Zed is a next-generation code editor designed for high-performance collaboration with humans and AI.

Zed

Zed already can integrate LLMs, making the integration of Ollama straightforward. To set up Ollama, we enter the following in the Command Palette (cmd+shift+p):

assistant: show configuration

A new tab opens, and we can begin the configuration. Zed supports various integrations, primarily its own, but also Ollama. We find the relevant configuration in the list, and in the best case, Zed has already detected and connected Ollama!

At this point, we can also open a new context, which opens another tab. In the upper-right corner, we can now choose the desired model:

And we're ready to go! We can now give instructions, as we did in the terminal, and send them off with cmd+enter:

The result is the same, but thanks to Zed, we also get nice code highlighting.

However, we don’t just want to chat; we are keen to work with real code. Here, the shortcut cmd+> is helpful. It sends a marked code section to the active context:

But even when writing code, our LLM helps us out. Suggestions for possible code appear as we type. Additionally, we can use the shortcut control+enter to enter prompts directly in the code:

Perfect! This makes work much easier.

VSCode and JetBrains

If you're using VSCode or one of JetBrains' IDEs (WebStorm, PHPStorm, etc.), you'll need to install an additional plugin. Continue is a good option here.

After installation, a new panel will be available, allowing you to start a chat. You can also access the config.json in this panel, where you can configure which models should be used. More details can be found in this blog post.

Finetuning

Of course, Llama is a very general model that may not be the best choice for every application. It can therefore be useful to look at other models and do some testing. A list of supported models can be found here.
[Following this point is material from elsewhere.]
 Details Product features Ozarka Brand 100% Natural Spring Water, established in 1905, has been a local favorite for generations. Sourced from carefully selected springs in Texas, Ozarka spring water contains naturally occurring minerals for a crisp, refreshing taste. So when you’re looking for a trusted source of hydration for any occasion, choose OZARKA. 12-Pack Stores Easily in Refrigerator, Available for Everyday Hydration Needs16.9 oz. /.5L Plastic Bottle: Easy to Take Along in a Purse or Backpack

Moreover, we can also create our own model and give it specific instructions. To accomplish this, we create a model file, which is a simple text file, and we can get creative there:

FROM llama3.1

# set the temperature to 1 [higher is more creative, lower is more coherent]
PARAMETER temperature 1

# set the system message
SYSTEM """
You are a JavaScript developer. You write slim and clean code. Answer with code only, no explanations.
"""

As you can see, our model will be based on Llama3.1, and we’ve given our model specific instructions.
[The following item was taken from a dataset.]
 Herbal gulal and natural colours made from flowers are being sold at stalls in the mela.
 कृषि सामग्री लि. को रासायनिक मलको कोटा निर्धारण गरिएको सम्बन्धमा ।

We can now build and use the model directly:

ollama create jsDev -f ./Modelfile
ollama run jsDev

I won't go into further detail here because this is a field of study in itself. However, this gives you a starting point for tuning your model. By the way, Continue learns from your code and stores this learned information locally. This can then be used to create even more tailored models.

GUIs

If you don’t want to use Ollama only in your IDE or terminal, you can turn to numerous interfaces. These range from web interfaces running in Docker to standalone apps. Personally, I prefer Msty. Msty makes it easy to access your own data, such as asking questions related to your own Obsidian Vault—all offline.

Conclusion

The installation and use of local LLMs has become incredibly simple. It requires a well-equipped computer, but most of us already have that for development.

By integrating the model into IDEs, it can make our lives a bit easier—provided we keep in mind that the generated code must always be reviewed with a sharp eye.

Thanks to the tools we've employed, we can even work offline and remain independent of external services.

It will be interesting to see how this technology continues to develop, what leaps will happen next, and at what point we’ll essentially become code reviewers and architects. Exciting yet questionable times lie ahead.